Next, a seatbelt device control circuit for controlling the release of the seatbelt device will be described with reference to FIG.

The common terminal of the door switch 66 is grounded, and the closing side terminal 66A is connected to the input terminal P ₁ of the microcomputer 68 via the mounting position detecting switch 60 and the sheet switch 64. When the occupant sits on the seat, the door is closed, and the seat switch 64 is closed, the input terminal P ₁ becomes low level (hereinafter referred to as “L”). When the anchor plate 20 moves to the rear of the vehicle and the webbing attachment is completed, the attachment position detection switch 60 is opened, and the input terminal P ₁ becomes high level (hereinafter referred to as “H”).

The open side terminal 66B of the door switch 66
Is connected to the input terminal P ₂ of the microcomputer 68 via the release position detection switch 62. When the door is opened, the input terminal P ₂ becomes L. Anchor plate 20
Is moved to the front side of the vehicle and the webbing attachment is released, the release position detection switch 62 is opened and the input terminal P is released.
₂ becomes H.

Output terminal P _{3 of the} microcomputer 68
A motor forward rotation signal is output from the drive circuit to excite the relay coil 74 of the relay 72 via the drive circuit 70, whereby the C contact 78 can be operated. A motor reverse signal is output from the output terminal P ₄ of the microcomputer 68, and the relay coil 7 of the relay 72 is passed through the drive circuit 70.
By energizing 6, the C contact 80 becomes operable. The motor 44 is connected to the common terminals of the C contact 78 and the C contact 80. Normally open terminal 78A of C contact 78 and normally open terminal 80 of C contact 80
A is connected to the + B volt terminal of a power supply circuit (not shown). The normally closed terminal 78B of the C contact 78 and the normally closed terminal 80B of the C contact 80 are connected to the resistor 8
It is grounded through 2. Exciting the relay coil 74, the common terminal of the C contact 78 and the normally open terminal 78
The motor 44 rotates in the normal direction when A is brought into conduction, and the motor 44 rotates in reverse when the relay coil 76 is excited to bring the common terminal of the C contact 80 and the normally open terminal 80A into conduction.
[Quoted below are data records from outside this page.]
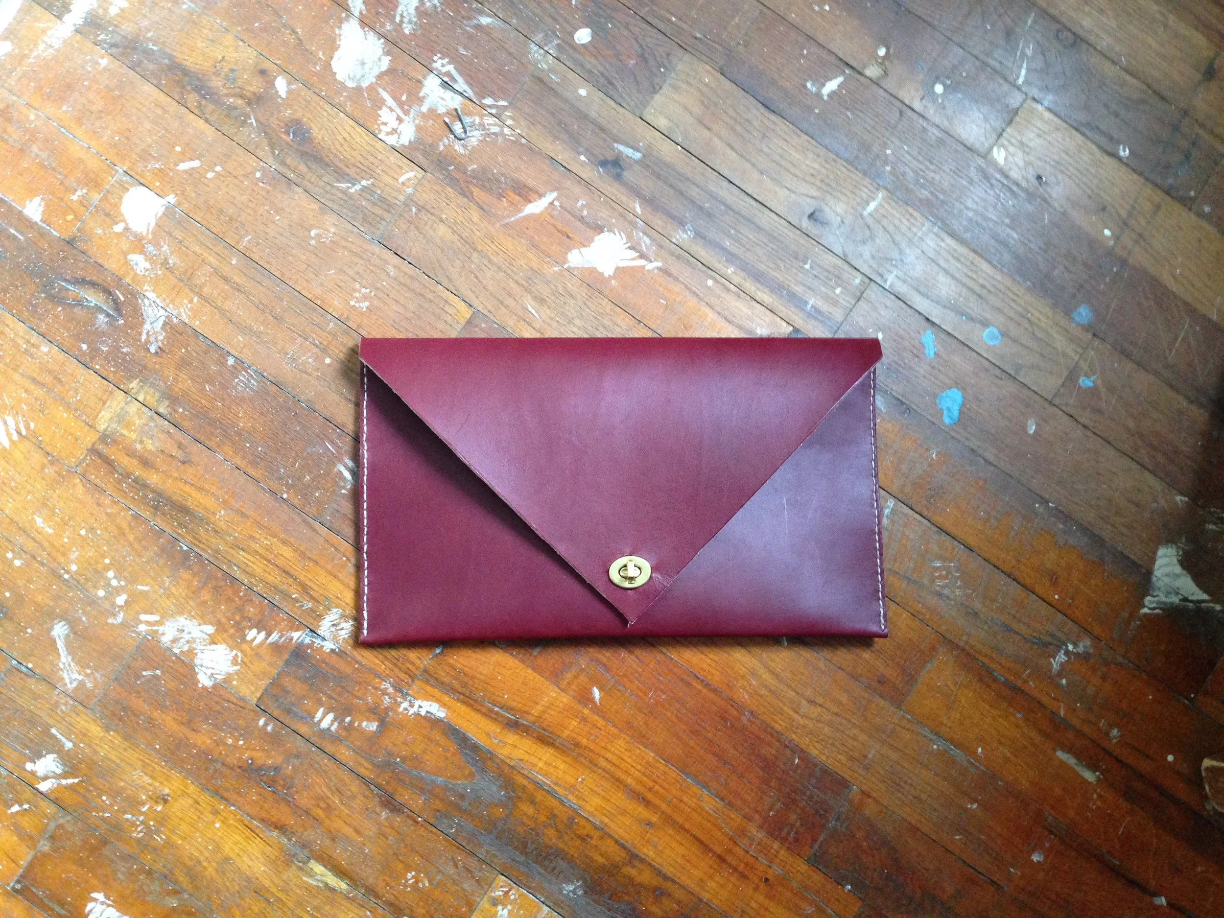 We made a beautiful large envelope clutch. It's a good project for beginners because it's simple but covers many basics. We cut the leather, installed hardware, and hand stitched the seams. After finishing, not only was I totally in love with my elegant purse, but I also felt like I had enough knowledge to work on simple projects of my own devising.
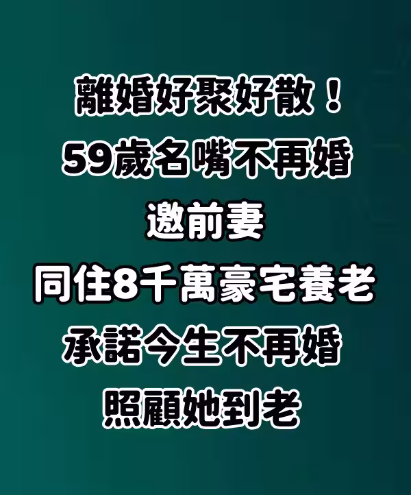 離婚好聚好散!59歲名嘴不再婚「邀前妻同住8千萬豪宅養老」承諾今生不再婚,照顧她到老
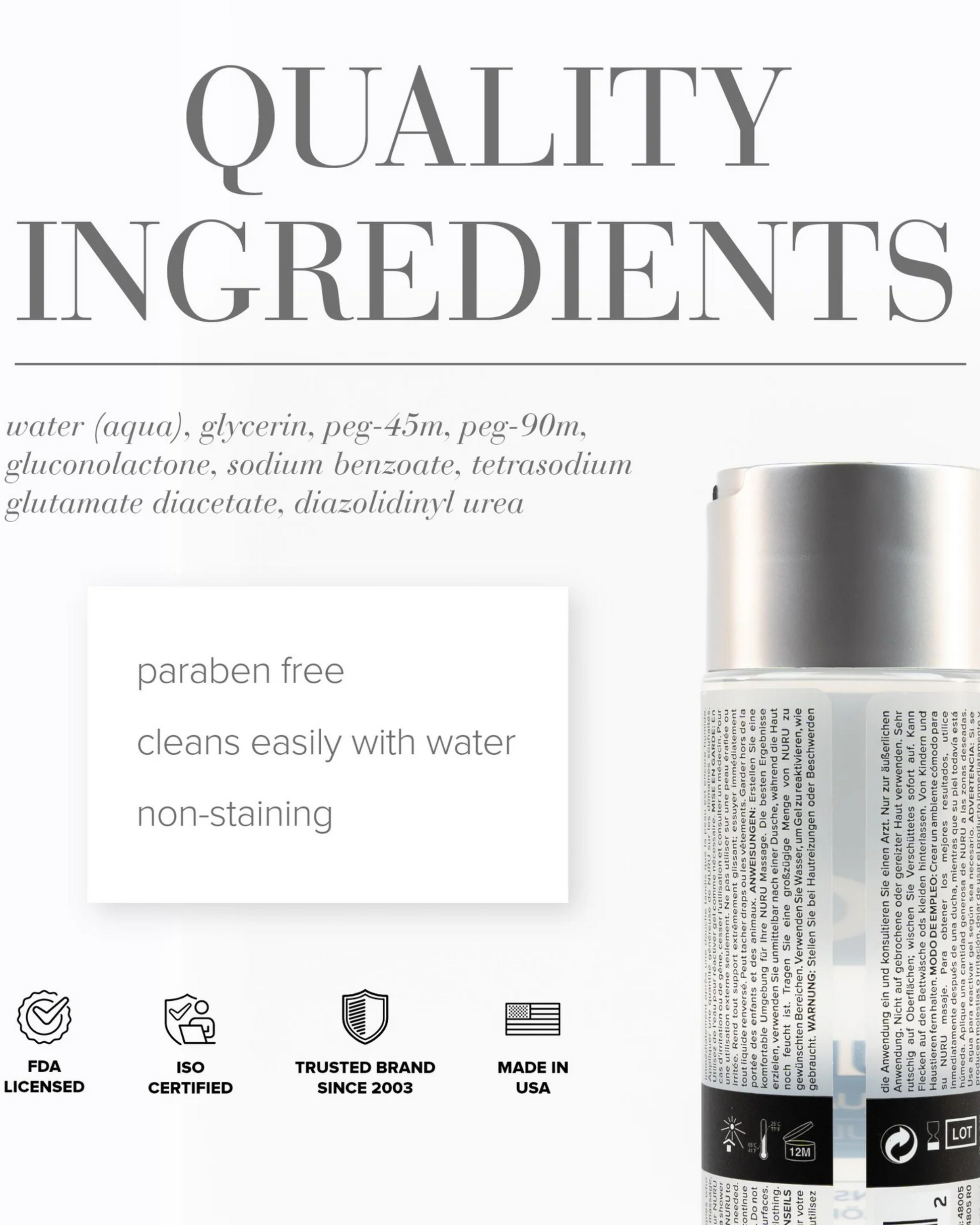 Water (Aqua), Glycerin, PEG-45M, PEG-90M, Gluconolactone, Sodium Benzoate, Tetrasodium Glutamate Diacetate, Diazolidinyl Urea
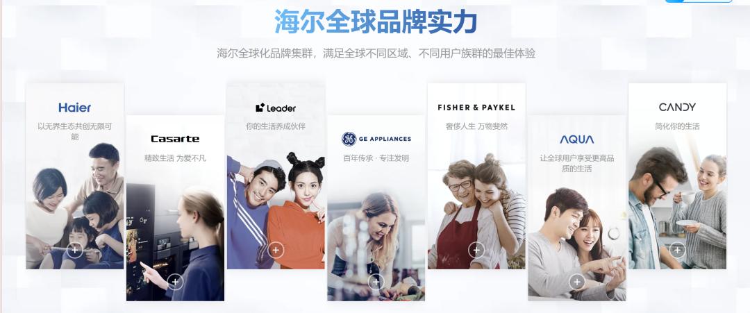 现在,海尔智家旗下海尔、卡萨帝、Leader、GE Appliances、斐雪派克、AQUA、Candy七大品牌矩阵,辐射全球用户家庭。
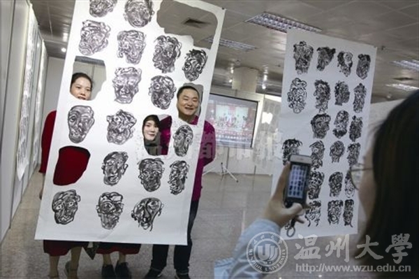 昨天上午,3044am永利集团3044noc2017届毕业作品展在温州市展览馆开幕,参观者与美术作品合影。
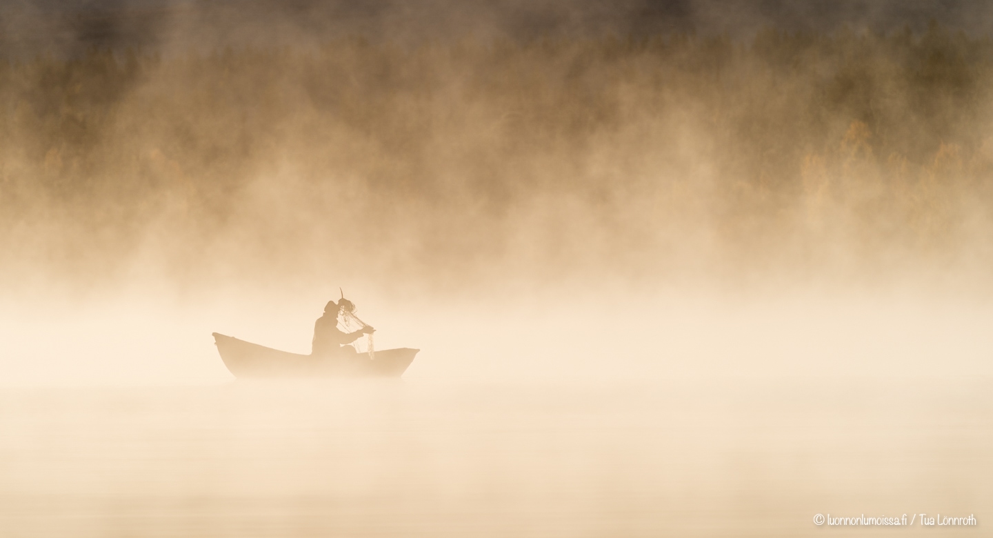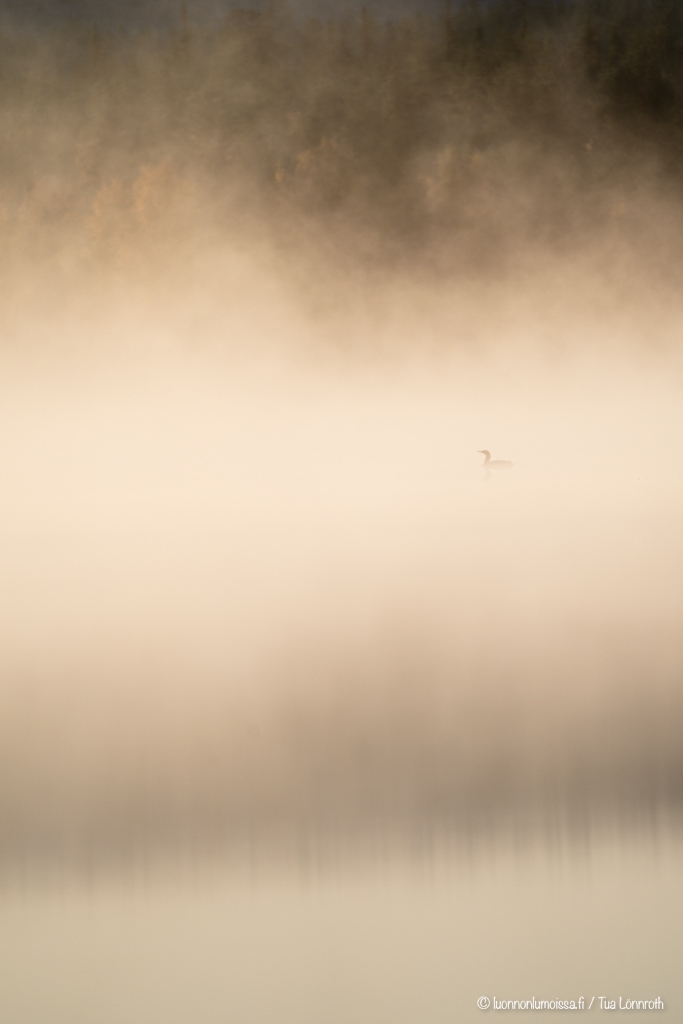 Viikko taisi olla optimaalinen ruskan sekä aamusumujen suhteen. Perjantai-aamunakin kömmimme aikaisin aamulla ylös, nyt kuitenkin puoli tuntia myöhemmin kuin muina sumuaamuina. Yöllä nukutti niin hyvin - ne viisi tuntia mitä ehdimme nukkua - että sänky tuntui houkuttelevalta, mutta emme halunneet päästää kaunista aamua karkaamaan ohi. Hyvä näin, näimme nimittäin nyt ensimmäistä kertaa majavan uiskentelevan järven poikki usvan seassa. Kuikka tuli myös paljon lähemmäksi ja siitä sai parhaat kuvat tähän mennessä. Aurinko teki hauskasti puiden latvojen yläpuolelle sumuun pieniä säteitä ja auringonnousu oli jälleen aivan mieletön. Ajatella, jos tämän näkymän olisi vaihtanut uniin. Emme voineet olla muuta kuin tyytyväisiä kaikkiin kolmeen usva-aamuun. Lopuksi sumun sekaan tuli vielä kalastaja soutaen verkkojaan nostamaan, ei hullumpi lisä usvan sekaan sekään. Pakkasta oli suunnilleen neljä astetta ja kuura oli jälleen peittänyt aluskasvillisuuden.
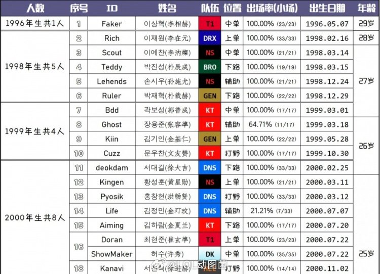 网友统计2026LCK选手年龄:96仅剩Faker;GEN平均年龄25.2
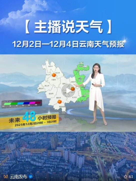 1、12月2日至3日、7日云南中东部降温雨雪天气,需防范其对农业、交通、电力、公众健康等的不利影响,做好城乡用电用火安全。
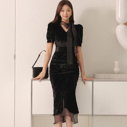 【クリスマスセール!全品10%OFF】ベロアマーメイドラインドレッシーワンピース(キャバドレス・CABARETDRESS)
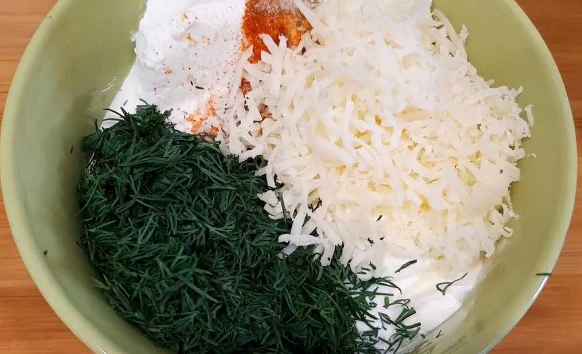После чего выложите в форму для запекания и равномерно распределите по всей поверхности. Твердый сыр натрите на мелкой терке и присыпьте запеканку сверху. Зелень вымойте и обсушите, нарубите ножом и присыпьте запеканку. Снова перемешайте.
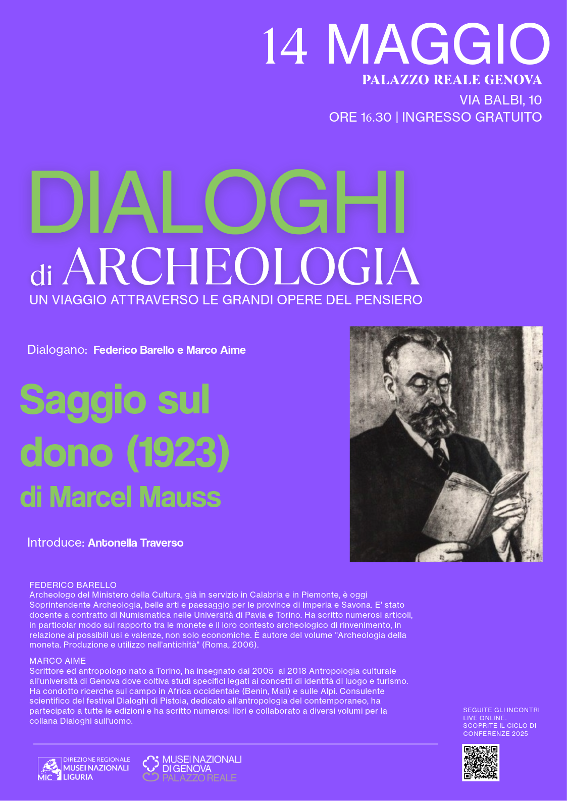 Protagonista dell’incontro à il celebre saggio di Marcel Mauss, “Saggio sul dono” (1923), fondamentale per la storia dell’antropologia. Un confronto sui temi dello scambio, della reciprocità e del valore sociale del dono.

The current flowing through the motor 44, that is, the current flowing through the resistor 82 is proportional to the voltage across the resistor 82. The voltage between the terminals of the resistor 82 is supplied to the comparator 90,
The supplied voltage is compared with the reference voltage determined by the resistance values R ₂ and R ₃ and supplied to the input terminal P ₈ of the microcomputer 68. When the rate of change of the current flowing through the motor 44 exceeds a certain value, the input terminal P ₈ becomes H.

On the other hand, the temperature detecting circuit 92 is connected to the input terminal P ₉ of the microcomputer 68. The temperature detection circuit 92 is composed of a comparator, and detects a resistance change of the thermistor Rx whose resistance value decreases as the ambient temperature rises as a voltage change, and compares it with a reference voltage when the temperature is a certain value or more. Outputs H to the input terminal P ₉ of the microcomputer 68.

A speaker 97, an indicator lamp 98, and an indicator lamp 99 are connected to the microcomputer 68 via a drive circuit 96. Depending on the necessary condition settings such as when the movement of the anchor plate 20 is restrained, the speaker 97 continuously or interrupts the electronic sound to emit the sound, and the indicator lights 98 and 99 blink or light to warn the occupant. Emit.

Next, the operation of the above embodiment will be outlined. Figure 5
As shown in FIG. 6, when the passenger gets off the vehicle, when the door is opened, the open side terminal 66B of the door switch 66 is grounded, and the input terminal P ₂ of the microcomputer 68 becomes L (a in FIG. 6). The microcomputer 68 reads the fall of the potential of the input terminal P ₂ and outputs the output terminal P ₃ at H level.
Then, the relay coil 74 is excited to rotate the motor 44 in the normal direction (B in FIG. 6). As a result, a large starting current flows through the motor 44 (C in FIG. 5), and a pulse is input to the input terminal P ₈ (D in FIG. 6).

If the ambient temperature is above a certain value, H is output to the input terminal P ₉ of the microcomputer 68 (shown by the solid line in FIG. 6).

Until the motor 44 is turned on and the predetermined time t ₁ elapses, the input terminal P ₈ becomes H, and even if the input terminal P ₉ becomes H, this is ignored.

After the lapse of the time t ₁ , the upper body moves when the occupant tries to get off the vehicle, and the webbing 14 interferes with the neck or head of the occupant 12 to restrain the movement of the anchor plate 20. It becomes smaller, the current flowing through the resistor 82 increases (e in FIG. 5), and the input terminal P ₈
Becomes H (F in FIG. 6). Microcomputer 68
The input terminal P ₈ is H and the input terminal P ₉ is H, the output terminal P _{3 is set} to L and the motor 4
4 is turned off for a fixed time t ₂ (FIG. 6G). The output terminal P _{3 is set} to H again to turn on the motor 44, and the above processing is repeated.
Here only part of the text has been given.